- INFORMATION -

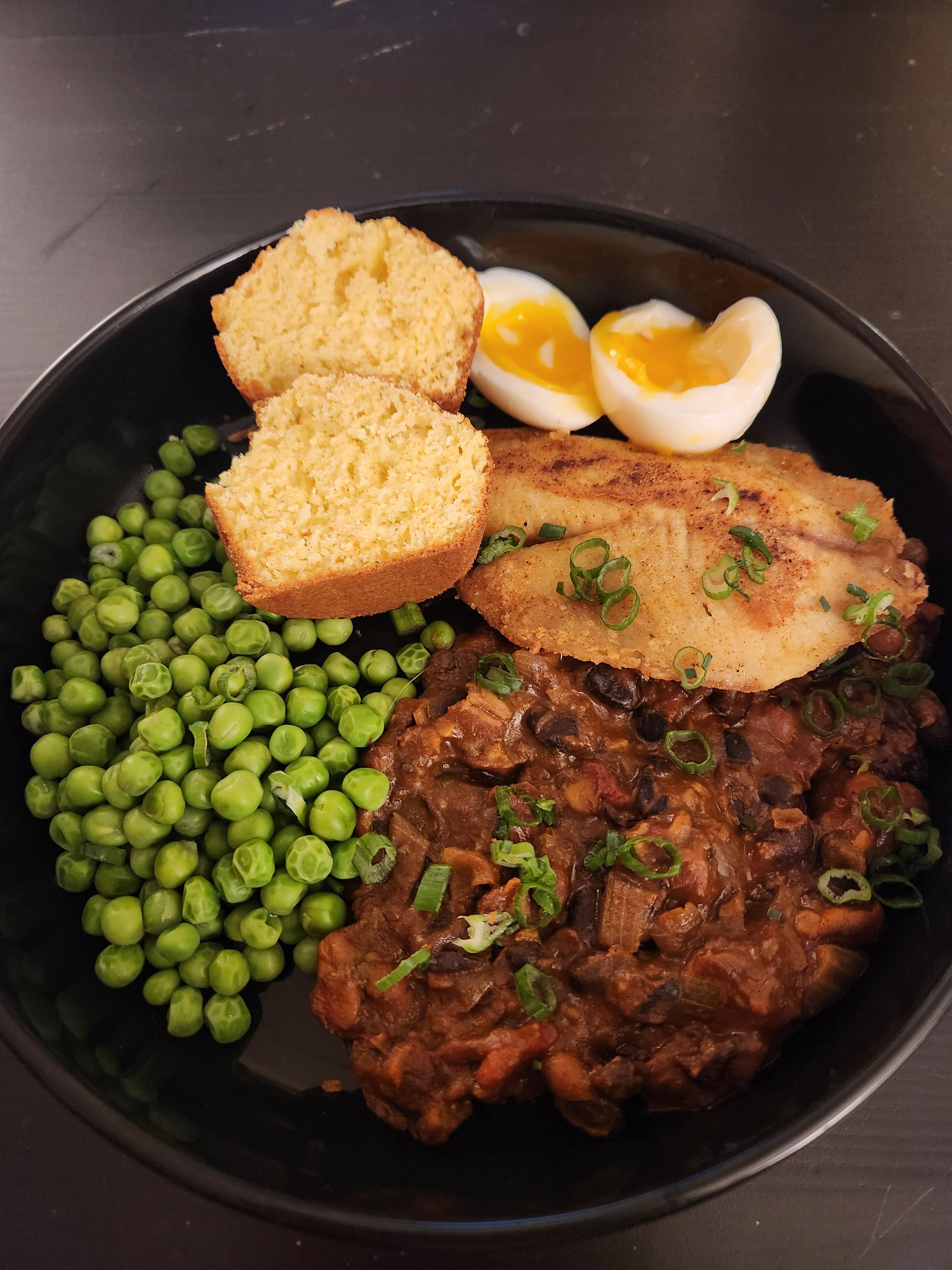 Tilapia, Kenyan-inspired beans, peas, cornbread, egg by ColonelKasteen Dinner Tonight Tonight's Dinner
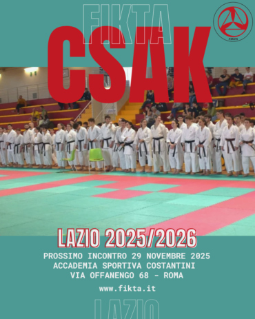 EVENTI 29 Novembre 2025Inizio alle 14:30 PARTENZA CORSO CSAK LAZIO 2025/2026 – PROSSIMO INCONTRO 29 NOVEMBRE 2025 – ACCADEMIA COSTANTINI LABARO (RM) Scopri di più 13 Dicembre 2025Inizio alle 14:30 STAGE LAZIO + SESSIONE ESAMI FINO A 3° DAN – 13 DICEMBRE 2025 Scopri di più 21 Dicembre 2025Tutto il giorno COMPETIZIONE 1a KIDS CUP LAZIO – 21 DICEMBRE 2025 Scopri di più 12 Dicembre 2026Tutto il giorno STAGE LAZIO + ESAMI FINO A 4° DAN – 12 DICEMBRE 2026 Scopri di più Vedi tutti gli eventi CIRCOLARI
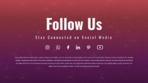 The template’s structured hierarchy, with a bold “Follow Us” headline and a refined subtitle encouraging ongoing engagement, provides a polished framework suitable for corporate presentations, marketing decks, content strategy reports, and event communications. Strategic body text offers space to highlight the value of engaging with your brand on social media, such as updates, insights, announcements, and community stories. This ensures the Social Media Follow Us Call-to-Action Slide Template for PowerPoint & Google Slides supports not just visibility but engagement—encouraging audiences to follow, interact, and stay informed.
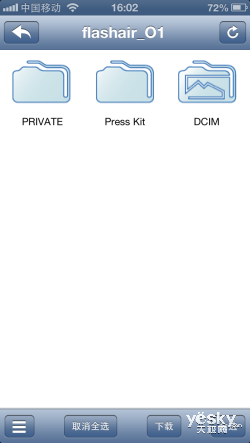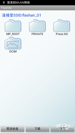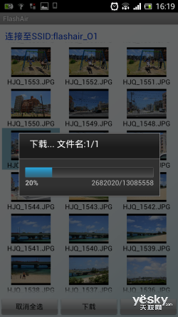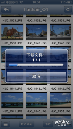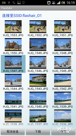 接着就可以选择想要的那一张,并点击屏幕下方的下载按钮,照片就会从存储卡里保存到手机里。两个系统的的页面略有不同,安卓的系统显示有百分比。不过这个影响也不大,因为新FlashAir的传输速度非常快,几秒内一张照片就下载完毕。
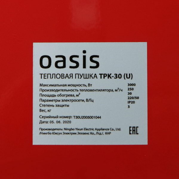 Тепловая пушка электрическая Oasis, модель TPK-30, 3000 Вт, до 30 кв. м
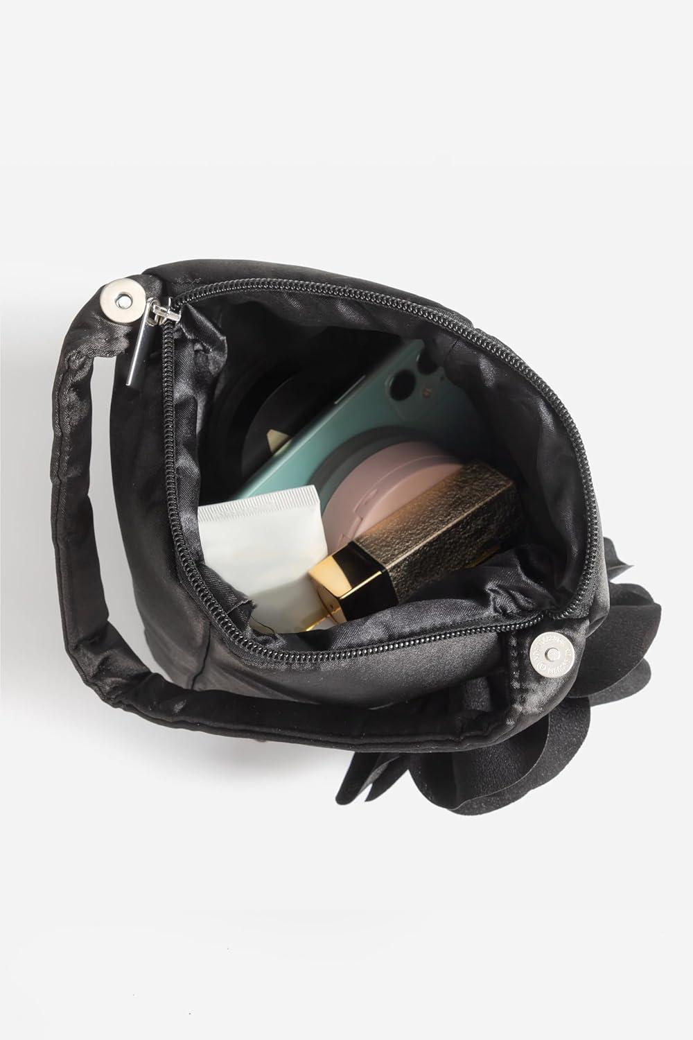 BABEYOND Clutch Purses for Women - Evening Bags Flower Satin Handbag Classy Wristlet Purse for Party Daily Wedding(Black)
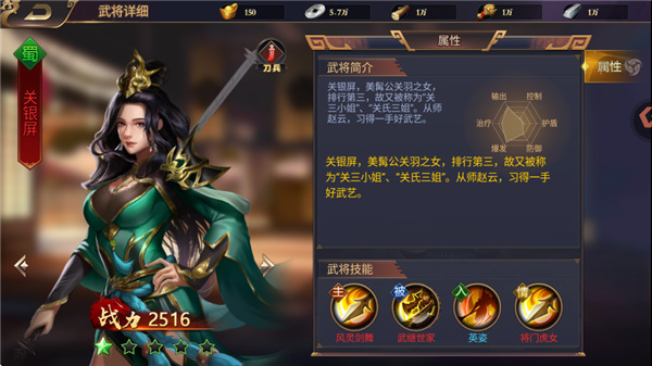 关银屏,关羽的义女,排行老三,所以也称“关三小姐”、“关氏三姐”。师从赵云,学会了一身武艺。
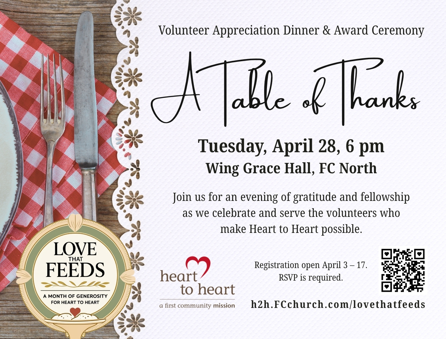 Because love feeds our neighbors, we gather to feed one another. Join us for an evening of gratitude as we celebrate the volunteers who make Heart to Heart possible.
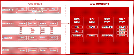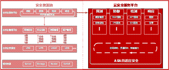 云安全服务平台借助云安全资源池的基础安全能力,以及云安全管理平台的管理控制能力,向最终用户提供自适应安全服务。
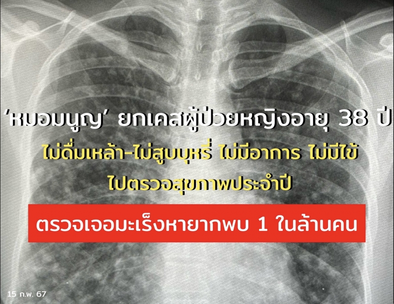 | • หมอมนูญ ยกเคสผู้ป่วยหญิงอายุ 38 ปี ไม่ดื่มเหล้า-ไม่สูบบุหรี่ ไม่มีอาการ ไม่มีไข้ ไปตรวจสุขภาพประจำปี ตรวจเจอมะเร็งหายากพบน้อยมากๆ 1 ในล้านคน |
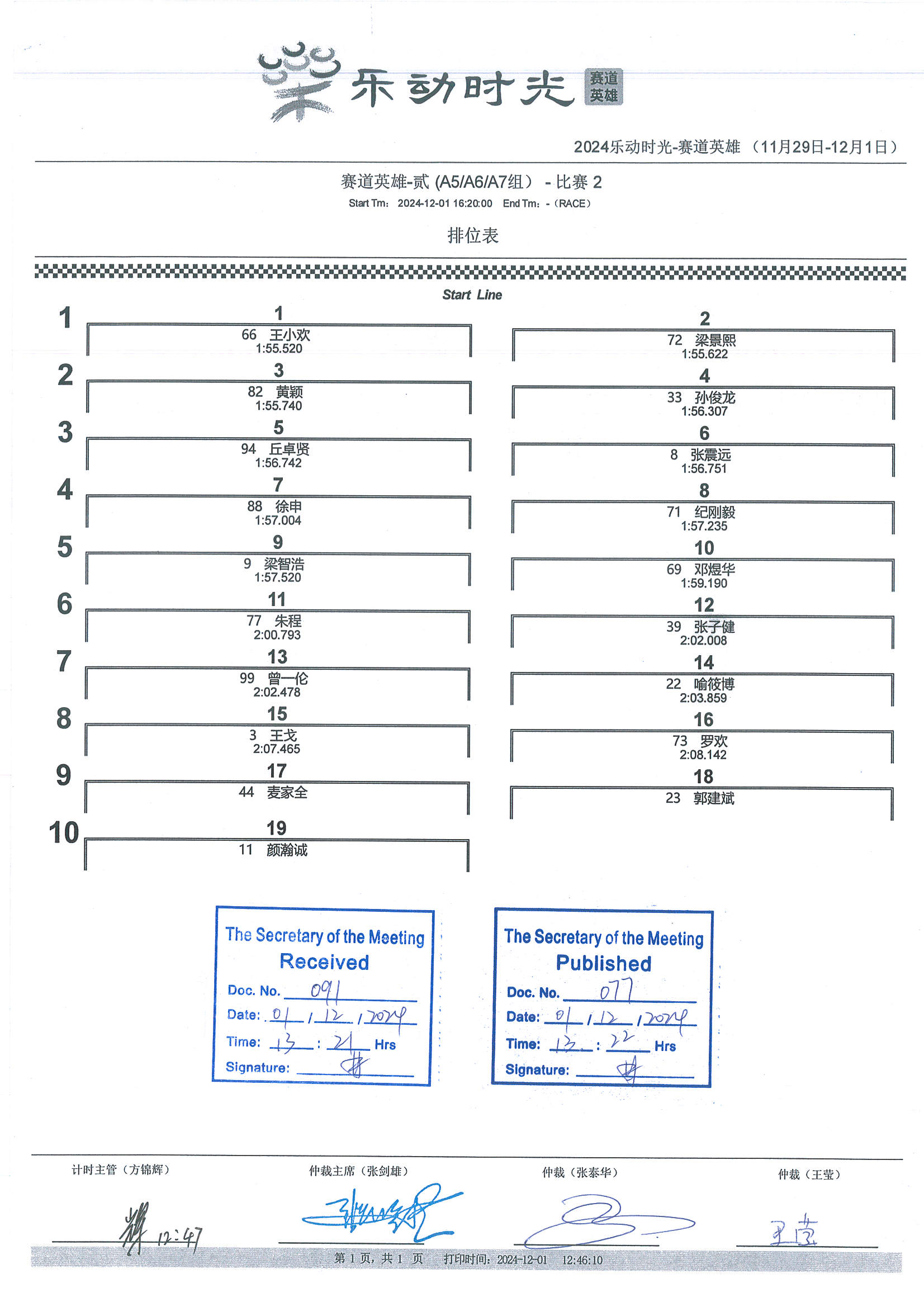 2023 December Circuit Hero Two A5A6A7 Race Grid |

- WORK INSTRUCTIONS -
With the pictures left out, copy exactly the lines above from the line containing "云安全服务平台借助云安全资源" through the last line of the entries.

- SOLUTION FOR THIS TASK -
 云安全服务平台借助云安全资源池的基础安全能力,以及云安全管理平台的管理控制能力,向最终用户提供自适应安全服务。
 | • หมอมนูญ ยกเคสผู้ป่วยหญิงอายุ 38 ปี ไม่ดื่มเหล้า-ไม่สูบบุหรี่ ไม่มีอาการ ไม่มีไข้ ไปตรวจสุขภาพประจำปี ตรวจเจอมะเร็งหายากพบน้อยมากๆ 1 ในล้านคน |
 2023 December Circuit Hero Two A5A6A7 Race Grid |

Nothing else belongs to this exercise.